Research output: Contribution to journalArticle

Original languageEnglish
Pages (from-to)1011-1020
Number of pages10
JournalLancet Psychiatry
Issue number12
DateAccepted/In press - 9 Sep 2019
DatePublished (current) - 13 Nov 2019


Background: Rates of anxiety and depression are increasing among children and young people (CYP). Increasingly, the policy agenda is focusing on primary prevention of mental disorders in CYP, with schools at the forefront of implementation. There is a lack of information for the comparative effectiveness of the multiple interventions available.

Methods: We conducted a systematic review and network meta-analysis (NMA). Medline, Embase, PsycINFO and Cochrane Central Register of Controlled trials were searched to 4th April 2018. Educational setting-based, universal or targeted, interventions for prevention of anxiety and/or depression in CYP aged 4-18 were included. Interventions aimed at promoting mental health, positive psychology or emotional well-being were excluded. Randomised and quasi-randomised, passive- and active-controlled studies were included. Main outcomes were post-intervention self-report anxiety and depression, wellbeing, suicidal ideation/self-harm and inequalities. We assessed risk of bias following the Cochrane Handbook for Systematic Reviews. We estimated standardised mean differences (SMD) using random effects NMA conducted in a Bayesian framework. The study is registered with PROPSERO CRD42016048184.

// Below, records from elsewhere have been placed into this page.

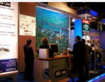
19 - 21 octobre 2005: Le salon « Initiatives » à Liège place le secteur des services au centre de tous les intérêts. La société Tipsoft, un des 12 exposants luxembourgeois, présente ses produits aux clients
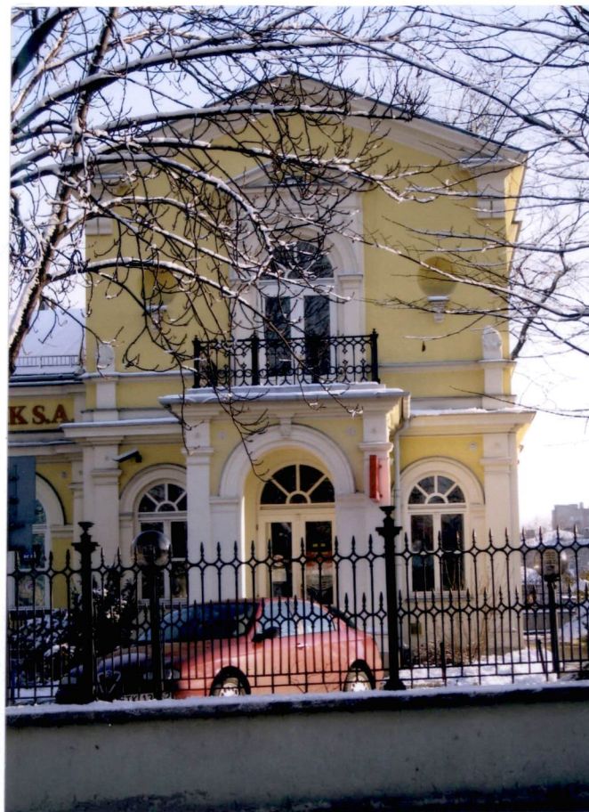
Fragment elewacji zachodniej
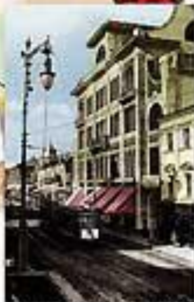
Семейная типография на Герасимов, Фот. начала XX в.
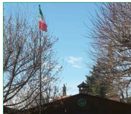
Gruppo di Caravate - Sede
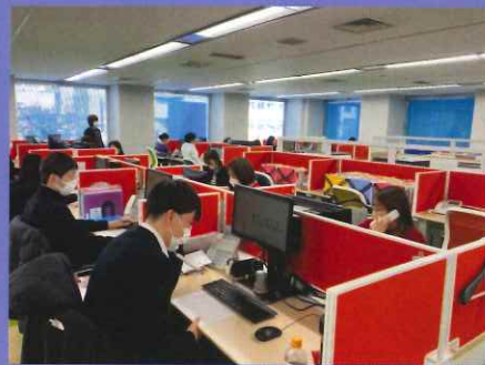
2024年2月に机・椅子を 全て入れ替えリニューアルしました!
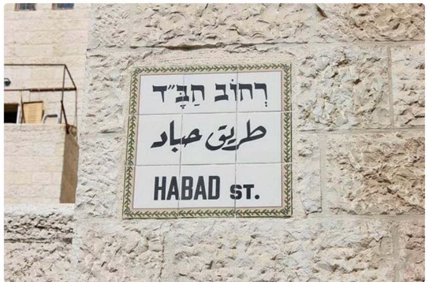
Kadunnimet kerrotaan kolmella kielellä.
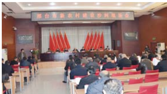
新农村建设现场会
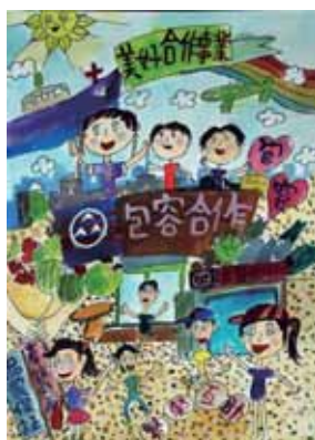
↑ 佳作 / 李佳容 (高雄市中正國小)
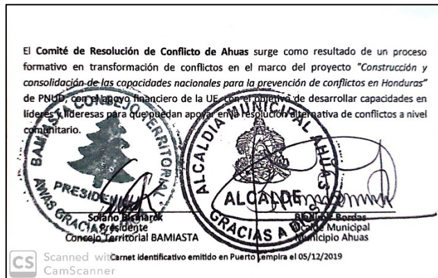
Carnet de mediador/a firmado por el alcalde de Ahuas y el presidente del CT Bamiasta
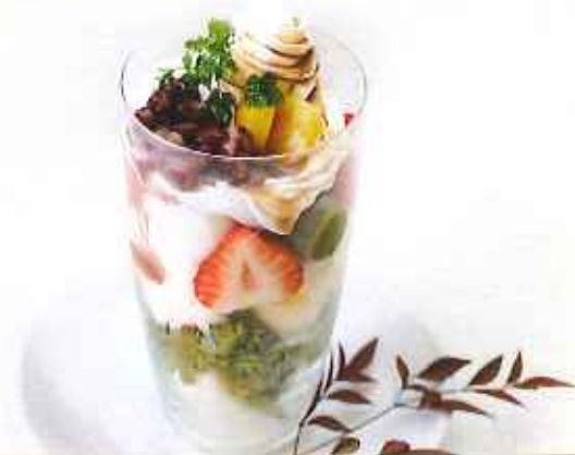
小豆&抹茶わらび餅パフェ 780円(税込)
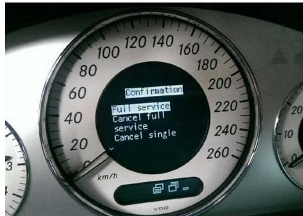
選擇 Full Services ，進行歸零，將會有下列兩種狀況
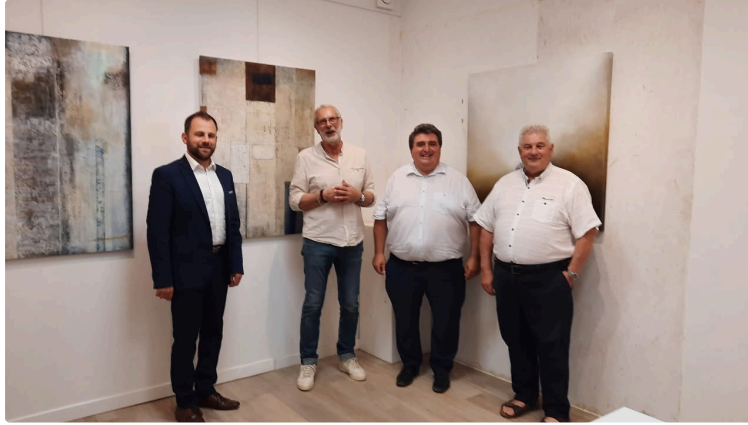
"Un passeur du temps " vernissage de la nouvelle exposition à la galerie "L'Arcade " de l'artiste peintre Marc Courtois.
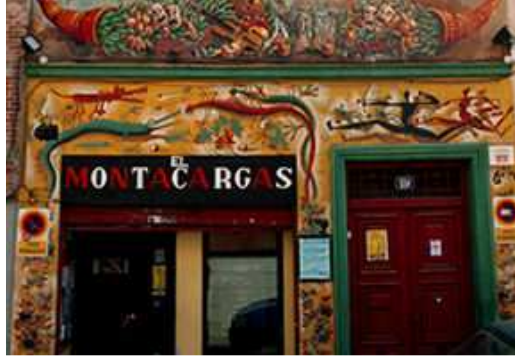
SALA EL MONTACARGAS

Venía la prueba de fuego como era el representarla ante un público más allá de su amigos. La Sala Montacargas le ofreció el poder representarla para que los programadores vinieran a verlo.
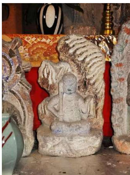
田糶観音堂の不動明王
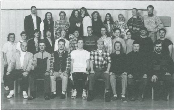
Opiston väkeä syksyllä 1995
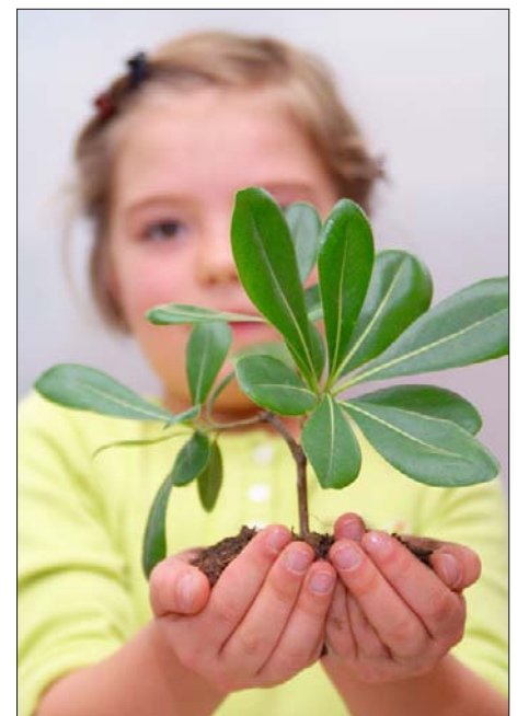
Staðlar auðvelda fyrirtækjum að vaxa

Ofangreind ráðstefna er þáttur í verkefni sem gengur út á að finna leiðir til að efla hag lítilla og meðalstórra fyrirtækja með aukinni notkun staðla innan þeirra og þátttöku í staðlasamstarfi.
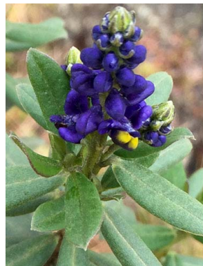
59 Monnina aestuans POLYGALACEAE
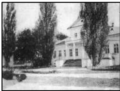
Палац Горленків-Дабіж у Романівщині

Письменник Степан Васильченко, який ще дитиною їздив разом зі своїм батьком до лісу за дровами, так значно пізніше опише побачене в дитячому віці: «Ці будинки зразу виявили себе перед моїми очима, як марево дивне серед дикої краси, марево з далеких невідомих країв. Веранда з колонами, великі вікна, строгі й красиві лінії будови, вся тая невидана, велична архітектура, перед якою відразу помарніли й почорніли в думці всі найкращі хати в нашому селі, до болю вдарила мене і схвилювала, що дух забило...».
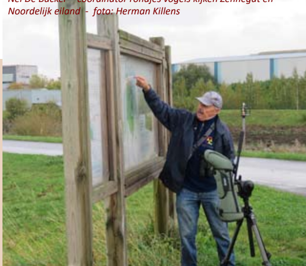
Uitwandeling vogels kijken 2017
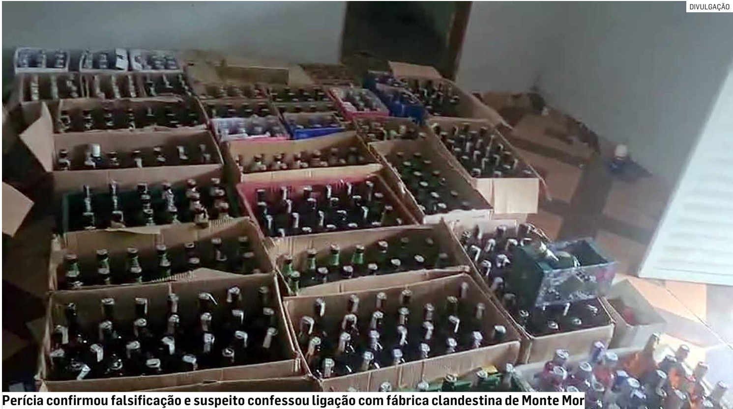
Perícia confirmou falsificação e suspeito confessou ligação com fábrica clandestina de Monte Mor

Segundo informações da PM, as falsificações apresentavam alto grau de semelhança com os produtos originais. No interior da residência, os policiais também encontraram cerca de 230 garrafas verdadeiras vazias, que seriam reutilizadas para enganar os consumidores. A corporação apurou que o material
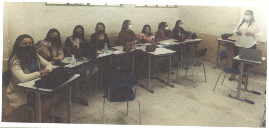
Figura 9. Consultoria para construção do planejamento estratégico.
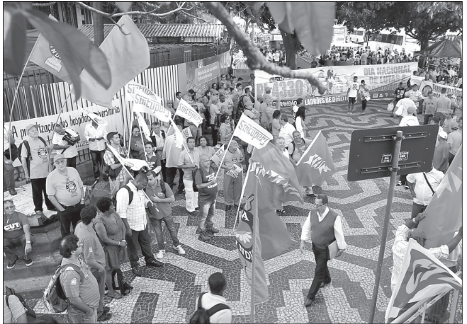
Trabalhadores reunidos em frente à Central do Brasil

Sindicalistas destacaram a grande quantidade de trabalhadores terceirizados que não receberam direitos trabalhistas, inclusive salários, após empresas de prestação de serviços simplesmente “desaparecerem”. Enfatizaram também o alto índice de acidentes de trabalho com os terceirizados, que já supera os ocorridos com os efetivos devido ao descumprimento das normas de segurança e saúde. Números que podem ficar ainda piores com
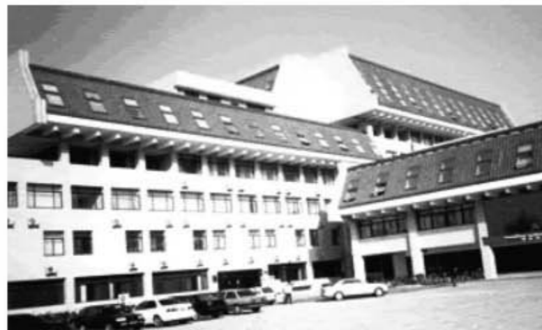
数学科学学院外景

北京大学数学科学学院以其国内一流的教学科研条件、强大的师资队伍和辉煌的历史吸引着全国最优秀的学生。在历年全国数学竞赛
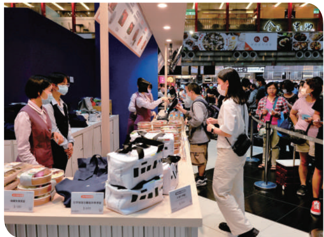
▲ 2023 第 8 屆鐵路便當節搶購排隊人潮

本屆鐵路便當節展場由臺北車站 1 樓多功能展演區外擴，參展廠商家數 ( 由 39 家成長至 42 家 ) 及參觀人數刷新歷史紀錄 ( 相較上一屆成長 15.24% )，展場營收再創新高 ( 相較上一屆成長 33.03% )，台鐵便當推出 2 款商品化高價便當，營收破歷年新高 ( 相較上一屆成長 55.5% )，媒體露出則數增加 260 則 ( 相較上一屆成長 153% )。期待明年的便當節可望打造鐵道界知名品牌盛宴，進而引領國內外觀光朝聖風潮。
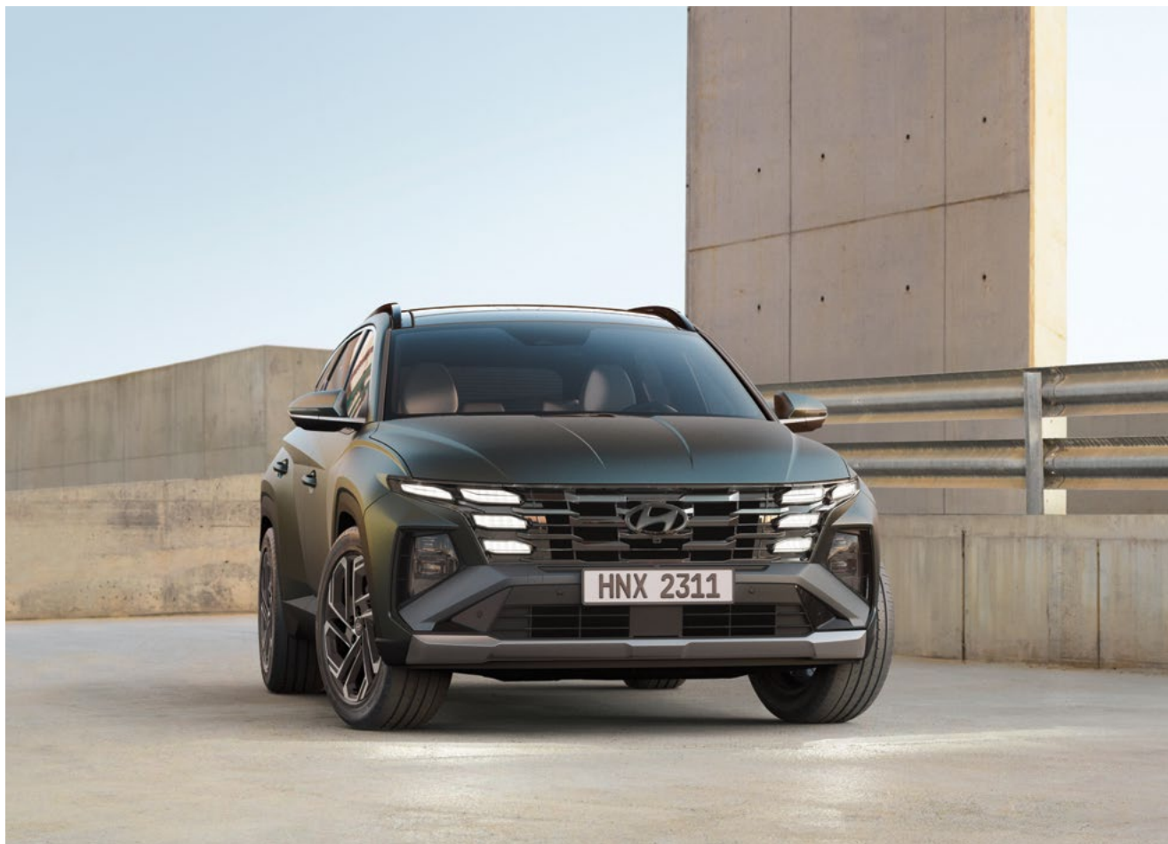
Параметрический дизайн фирменных огней / Решетка радиатора / Передний бампер

Скажите «нет» обыденности благодаря выразительным элементам фронтальной оптики и боковым панелям кузова, напоминающим огранку драгоценного камня. Смелое обновление дизайна позволит вам ярко выделиться на общем фоне.
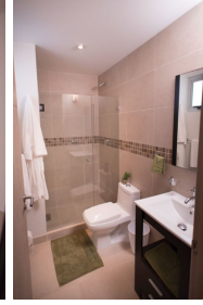
Baños con cubierta cerámica y cristal templado Bathroom with ceramic cover and tempered glass
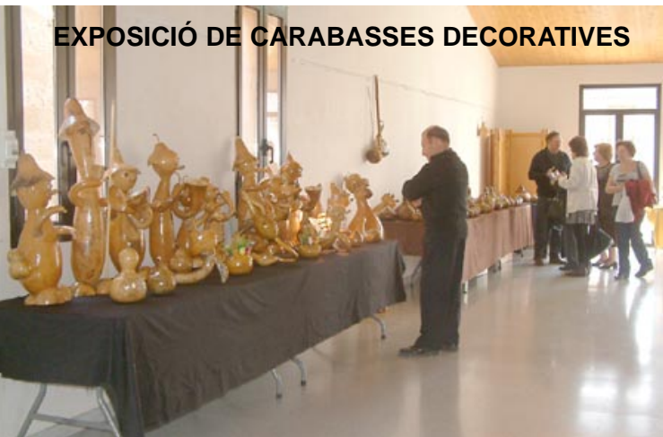
EXPOSICIÓ DE CARABASSES DECORATIVES
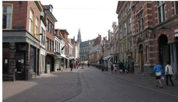
Zijlstraat in Centrum met uitzicht op Grote Kerk

De Zijlweg is in het Bomenbeleidsplan 2009-2019 onderdeel van de hoofdboomstructuur. De Zijlweg-Oost heeft twee rijen bomen in de parkeerstrook. In de Zijlweg-West ontbreekt aan de zuidzijde de bomenrij.
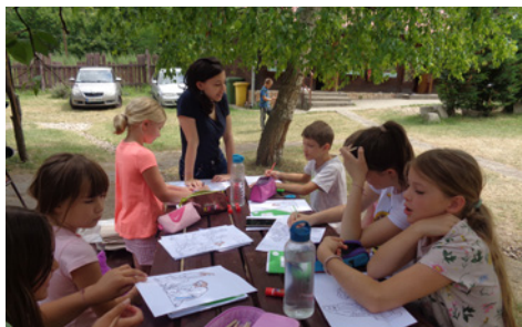
Igazi kihívás volt a délelőtti játék

Imádságra, közös éneklésre és játékokra gyűltünk össze,
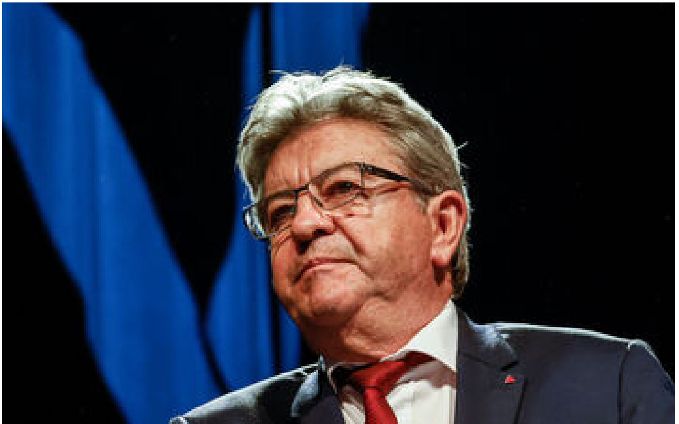
1er mai : Mélençon appelle policiers et gendarmes à se joindre au mouvement social
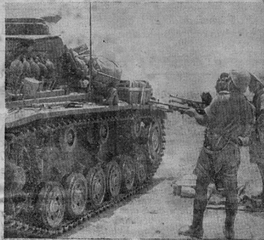
Un tanque alemán al ser capturado por los británicos en L...

Una gran 1942 oportunidad para adquirir los servicios competentes, de confianza y de muy larga experiencia.
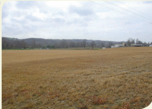
Captage entouré de champs désherbés - Gers Amont (32)

A partir de là, il est possible de proposer un nouveau contrat aux agriculteurs, et de leur demander de s'engager dans l'abandon des pesticides, des engrais chimiques et dans le respect de l'eau. Au préalable à l'application de ces mesures de taxation, il est souhaitable d'obtenir leur adhésion à une nouvelle politique agricole.
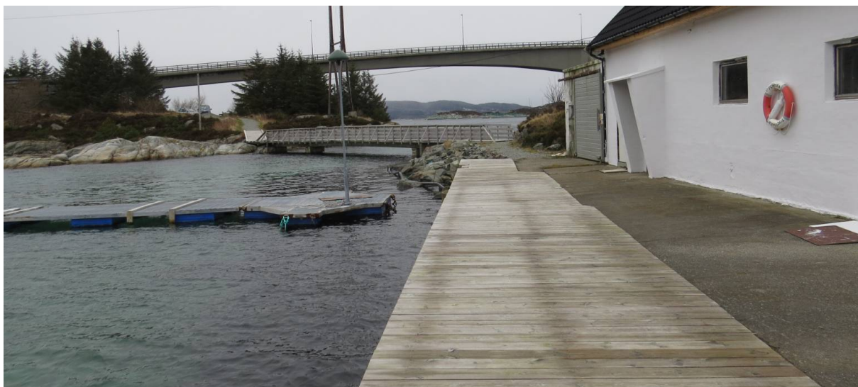
Sett fra Sveholmen
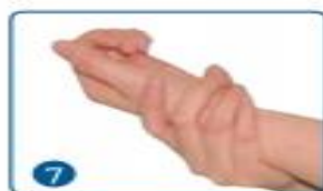
7 一手旋转揉搓另一手的腕部、前臂，直至肘部；交替进行
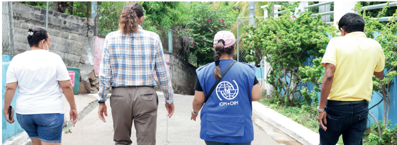
REUNIÓN CON LIDERESAS Y LÍDERES COMUNITARIOS EN MEANGUERA DEL GOLFO, LA UNIÓN, EL SALVADOR.

Como organización intergubernamental líder en el campo de la migración, la Organización Internacional para las Migraciones (OIM) promueve la migración segura, ordenada y regular al proporcionar servicios y asesoramiento a los gobiernos y migrantes desde una perspectiva integral y holística. Establecida en 1951, la OIM ha trabajado de cerca con las Naciones Unidas y otras partes interesadas claves desde su fundación, tanto a nivel operacional como a nivel de políticas públicas. En septiembre de 2016, la OIM se unió al SNU, convirtiéndose en la Agencia de las Naciones Unidas para la Migración, como un reconocimiento a sus acciones indispensables en el campo de la movilidad humana, lo que permitió su participación en el Grupo de Desarrollo Sostenible de las Naciones Unidas. La OIM cuenta ahora con más de 170 Estados Miembros, oficinas en más de 400 lugares sobre el terreno y más de 20.000 funcionarios, de los cuales el noventa por ciento trabaja en el terreno.
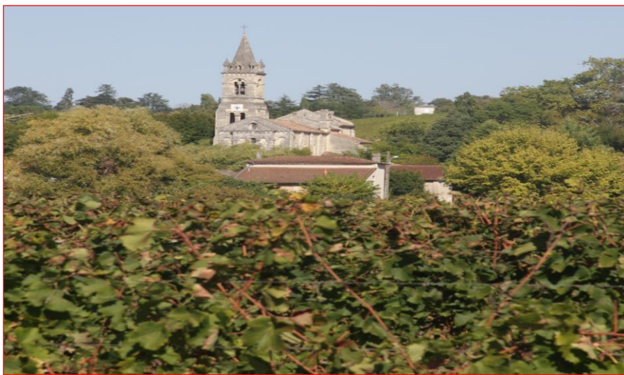
Eglise de Loupiac
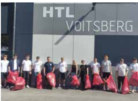
Höhere Technische Bundeslehranstalt
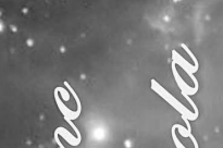
Nagyárpád Ágnes Ágnes

Findings: 1511 full-text articles were independently screened for inclusion by two reviewers, from which 137 studies of 56,620 participants were included. Only 20 studies were assessed as being at low risk of bias for both random sequence generation and allocation concealment. There was weak evidence that cognitive behavioural interventions may reduce anxiety in primary and secondary settings. In universal secondary settings mindfulness/relaxation-based interventions (SMD -0.65, [95% CrI -1.14 to -0.19], showed a reduction in anxiety symptoms relative to usual curriculum. There was no evidence that any one type of intervention was effective for depression in universal or targeted, primary or secondary settings. Comparison-adjusted funnel plots suggest the presence of small-study effects for the universal secondary anxiety analysis.

Interpretation: Considering unclear risk of bias and likely small study effects for anxiety, we conclude there is little evidence that educational setting-based interventions addressing the prevention of mental disorders are effective. These results contrast with other recently published meta-analyses. Post-hoc sensitivity analyses suggest this may be driven by differential control group effects masked by ‘lumping’ in pairwise meta-analysis. Future research could consider multi-level, systems-based interventions as an alternative to the ‘downstream’ interventions considered here.